After denormalization, we combine relevant data from the three normalized tables into one large table. This will include repeating data (e.g., customer details) for each order, leading to faster querying at the cost of storage efficiency.
Example of Denormalized Data:
OrderID | CustomerID | Name | ProductID | ProductName | Category | Price | Quantity | OrderDate | OrderStatus | |
---|---|---|---|---|---|---|---|---|---|---|
101 | 1 | John Doe | john@email.com | 1001 | Laptop | Electronics | 1000 | 1 | 2025-02-01 | Shipped |
102 | 2 | Jane Smith | jane@email.com | 1002 | Headphones | Electronics | 200 | 2 | 2025-02-02 | Processing |
103 | 1 | John Doe | john@email.com | 1003 | Book | Books | 15 | 3 | 2025-02-03 | Delivered |
b. What questions might be answered with this (denormalized) data?
With this denormalized data, you can easily answer questions related to customer orders without needing to join multiple tables. Some examples of questions include:
- What are the most popular products bought by customers?
- How many orders did John Doe place in February?
- What is the total amount spent by each customer?
- What is the average order quantity per product?
- Which customers have the highest number of orders?
Since this is a large dataset, it would be efficient for querying answers to these questions without needing to join the Customers
, Products
, and Orders
tables repeatedly.
c. Are there any privacy/security issues related to your (denormalized) design? How would you protect against these issues?
Yes, denormalized data can expose sensitive information. For instance, in the above example, customer names, emails, and addresses are repeated with each order. This could lead to:
- Privacy Risks: Sensitive customer data, such as their email addresses and shipping addresses, are visible for every order. If someone gains unauthorized access to this dataset, they could misuse the information.
- Data Redundancy: Repeating the same customer information could lead to greater chances of errors or inconsistent data if updates are not applied consistently.
To protect against these issues:
- Encryption: Encrypt sensitive data, such as customer emails and addresses, both in transit and at rest.
- Access Controls: Limit access to sensitive information based on user roles. Only authorized personnel should have access to customer personal information.
- Data Masking: Mask sensitive parts of data in reports or query results.
- Audit Logs: Maintain detailed logs of who accessed the data and when, so suspicious activity can be tracked and investigated.
Step 3: Key Terms Definitions
- Data Mining: Data mining is the process of discovering patterns, trends, and relationships in large datasets using statistical methods, machine learning, and artificial intelligence. The goal of data mining is to extract useful information and generate insights that can guide business decisions. For example, in Amazon, data mining can be used to analyze purchase patterns and recommend products to customers based on their browsing history.
- Database: A database is an organized collection of data, typically stored and accessed electronically from a computer system.

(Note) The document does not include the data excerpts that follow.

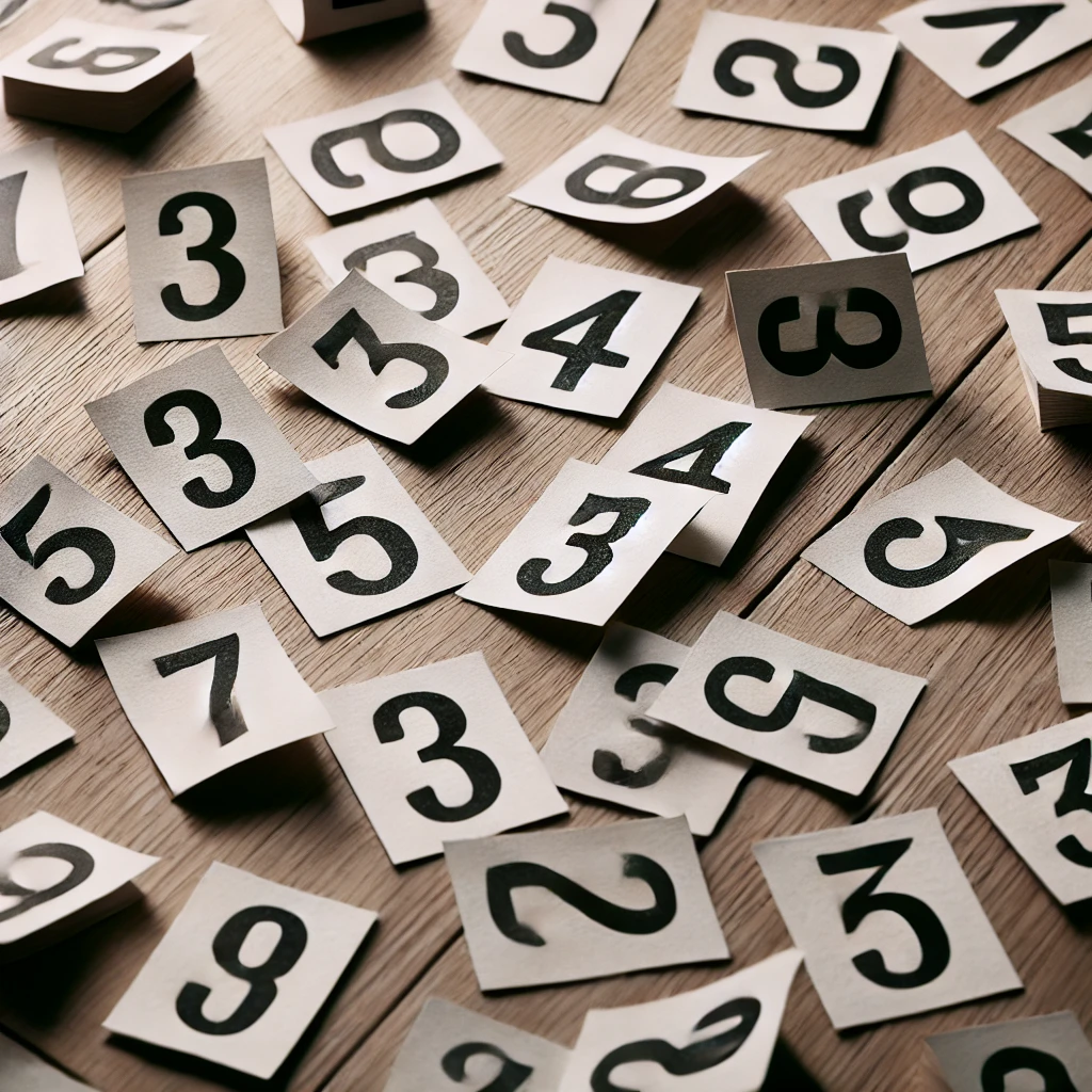 한 자리 숫자가 적힌 종이 조각이 흩어져 있습니다.
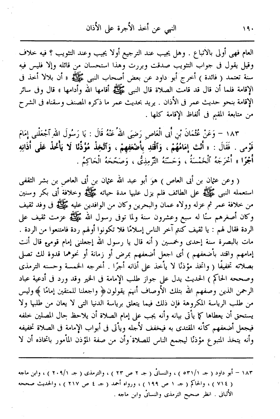 (183) - وَعَنْ عُثْمَانَ بْنِ أَبِي الْعَاصِ - رَضِيَ اللَّهُ عَنْهُ - قَالَ: «يَا رَسُولَ اللَّهِ اجْعَلْنِي إمَامَ قَوْمِي. فَقَالَ: أَنْتَ إمَامُهُمْ، وَاقْتَدِ بِأَضْعَفِهِمْ، وَاِتَّخِذْ مُؤَذِّنًا لَا يَأْخُذُ عَلَى أَذَانِهِ أَجْرًا» أَخْرَجَهُ الْخَمْسَةُ، وَحَسَّنَهُ التِّرْمِذِيُّ، وَصَحَّحَهُ الْحَاكِمُ.
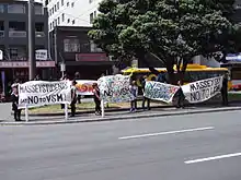 NZUSA campaigned against the introduction of voluntary student membership (VSM), arguing that students did support compulsory membership of students' associations. NZUSA proposed a policy compromise, suggesting a "KiwiSaver style" opt-out arrangement where students would be members unless they explicitly said they did not want to be.[1] Although NZUSA had campaigned against VSM for fifteen years, in 2012 all students' associations were required to be voluntary.[2]
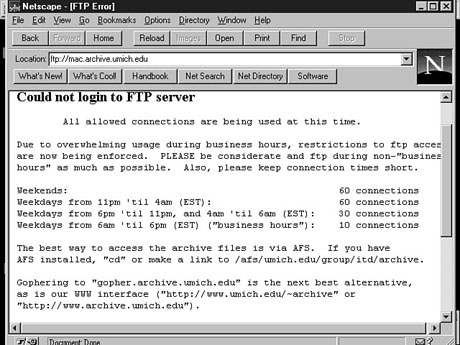Many FTP sites restrict use to certain times of the day and to a particular number of users. The wide range of files on anonymous FTP sites means that something really is available for everyone. From novices to experienced programmers, you can find something for you.
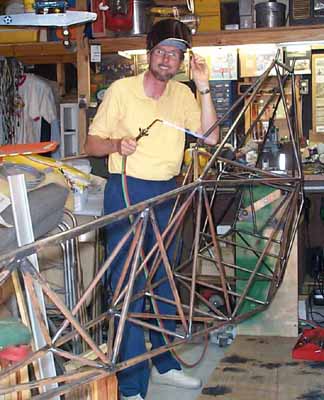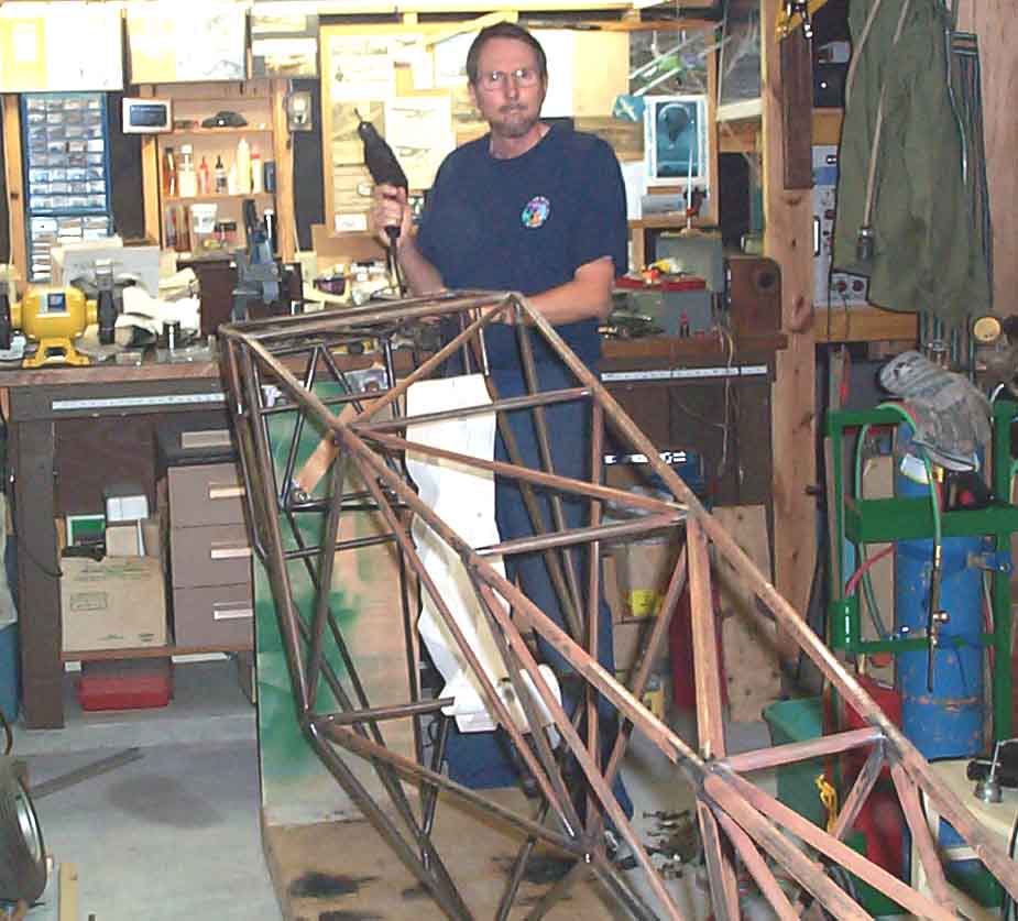 | At left is is a posed picture. I do wear gloves and some protective clothing when welding. That is a full face shield that's tilted up with my left hand. This is the way my LEU looked all summer (2001) while I was distracted with many other summertime activities such as Oshkosh, vacations, and work. Besides, it was too hot to work in the garage. The finish welding is done with the exception of the fittings for the wings/gear and the tail post plate for the tail wheel spring attachment... and the rudder pedal tabs, and windshield and floor board tabs... sounds like I've got a way to go yet. |
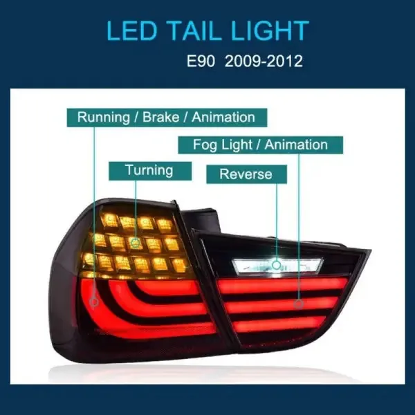 Upgraded Style Taillight Taillamp Red Smoke CC-5047 Compatible With Bmw 3 Series E90 Lci 2008-2012
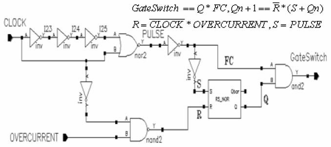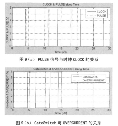 控制邏輯模塊如圖4 所示,該模塊直接控制LDMOS 的開關(guān)。PULSE 信號(hào)的上升沿對(duì)應(yīng)是CLOCK 時(shí)鐘的開始,PULSE 信號(hào)與時(shí)鐘CLOCK 的關(guān)系如圖9 所示。當(dāng)發(fā)生過流時(shí),OVERCURRENT信號(hào)為低,觸發(fā)器R 端為高,Q 為低,GateSwitch 信號(hào)為低,關(guān)斷LDMOS,從而實(shí)現(xiàn)過流保護(hù)功能。
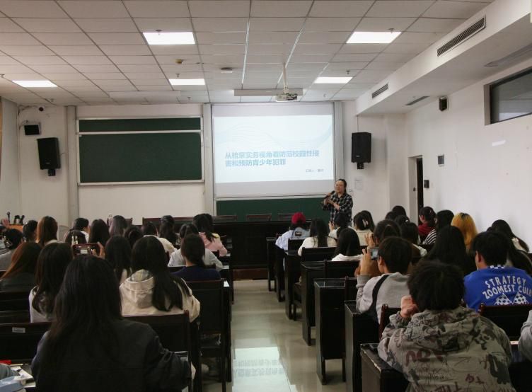 第一场,遵义市人民检察院案管办主任袁可为同学们开展了《从检察实务角度防范青少年儿童校园性侵害和预防青少年犯罪》专题讲座。袁主任通过结合具体案例,深入剖析了校园性侵害和青少年犯罪的特点、成因及防范措施。她强调防范校园性侵害和预防青少年犯罪需要全社会的共同努力,需要家庭、学校、社会等多方面的协同配合,她的讲座加深了同学们对校园性侵害和青少年犯罪问题的认识和理解,从而为大家将专业知识运用到实处有极大的启示意义。
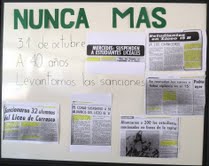 Para agasajar a los ex estudiantes que serán homenajeados, alumnos y docentes del Liceo Nº 15 prepararon una cartelera de fuerte acento testimonial, que registra, mediante recortes de diarios de la época, la peripecia individual de los educandos que fueron sancionados.
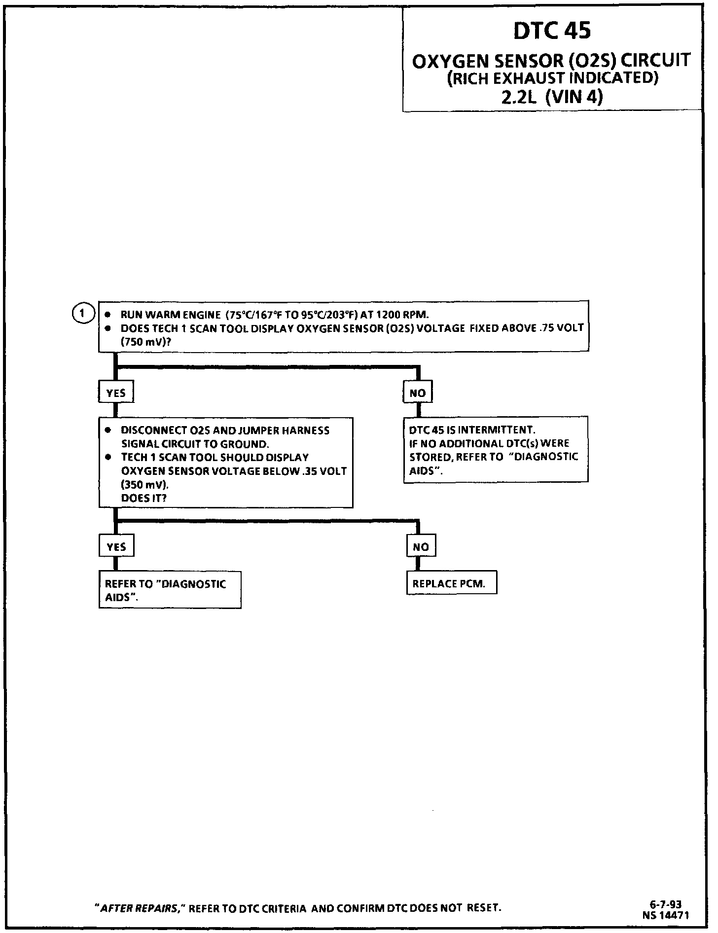 DTC 45 - Oxygen Sensor Circuit (Rich Exhaust Indicated):
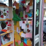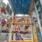La bibliocabina presente nel Piazzale San Savino è stata dipinta usando gli stessi colori di panchina e scultura adiacenti ed è stata pensata anche per lasciare dei disegni.
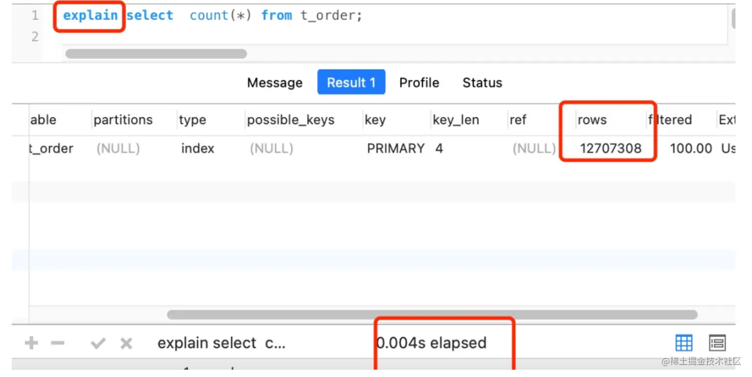 如果我们不需要太准确的数据,我们可以使用Explain分析语句:
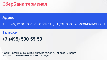СберБанк, терминал по адресу 141109, Московская область, Щёлково, Комсомольская, 11 в дальнейшем Организация, размещена в следующих категориях:
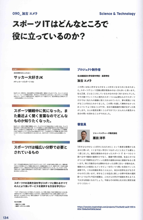 この問いは好きなものをもっと好きになるために生まれたとのこと。なじみのなかったスポーツITを健康や夢の実現、社会とのつながりにまで視野を広げていった探究の過程は本当に価値があるという評価をいただくことができました。
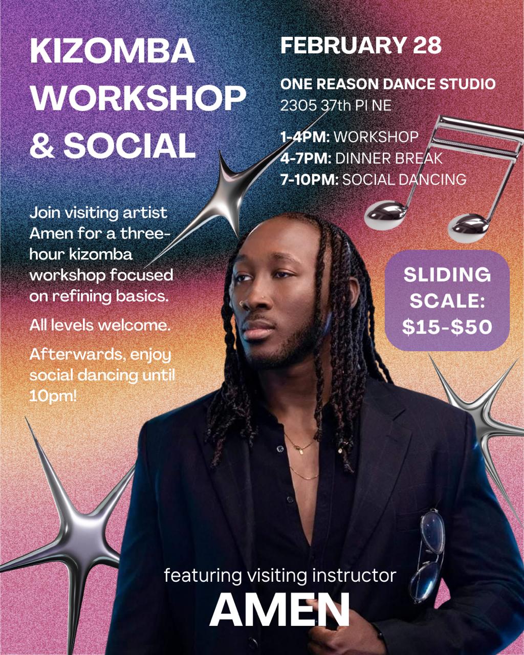 Amen is a long-time Kizomba instructor based out of Columbus, OH, who teaches Kizomba and Urban Kiz locally and across North America. He is excited to come to Minneapolis to share his knowledge and dance with us.
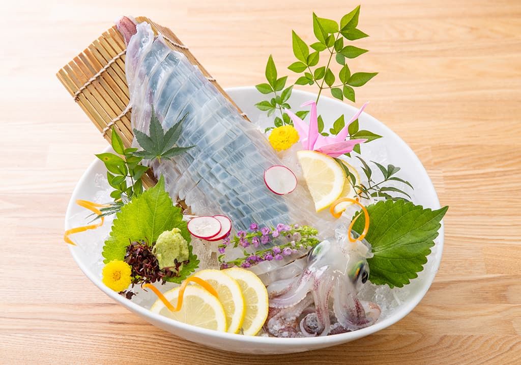天草から直送された新鮮な魚介を使用した寿司をお楽しみいただけます。特におすすめは「天草産マグロ巻き」。寿司だけでなく、いけすから捌いたお造りや焼き物、揚げ物など、多彩な調理法で天草の海の幸をご堪能いただけます。

It allows for the efficient storage, retrieval, and management of data. Databases are typically managed by database management systems (DBMS), which control how data is stored, manipulated, and queried. A database could be used by Amazon to store customer, product, and transaction data, allowing quick searches and updates.
- OLTP (Online Transaction Processing): OLTP refers to systems that manage transaction-based applications, typically involving short online transactions. These systems handle a large number of transactional queries (e.g., sales, orders, and payments) and focus on maintaining data integrity and speed. For example, Amazon’s order system uses OLTP to manage customer purchases and payment processing.
- Denormalization: Denormalization is the process of combining multiple related tables into one table in a relational database. It’s often used to improve query performance by reducing the need for complex joins between tables. In denormalized databases, redundancy is introduced, which can sometimes lead to inconsistency but is beneficial for read-heavy workloads, such as reporting or data analysis. For Amazon, denormalization could be applied in the sales reporting system.
- OLAP (Online Analytical Processing): OLAP refers to systems designed to analyze large amounts of data quickly and efficiently. These systems allow for the multidimensional analysis of business data, often for decision-making purposes. OLAP databases are used for complex queries and data mining. For example, Amazon might use OLAP to analyze customer buying trends and product performance across various dimensions like region, time, and product category.
By following this guide, you’ll be able to design a relational database for Amazon, analyze its denormalized data, understand the potential questions you could answer, and address any privacy and security concerns effectively.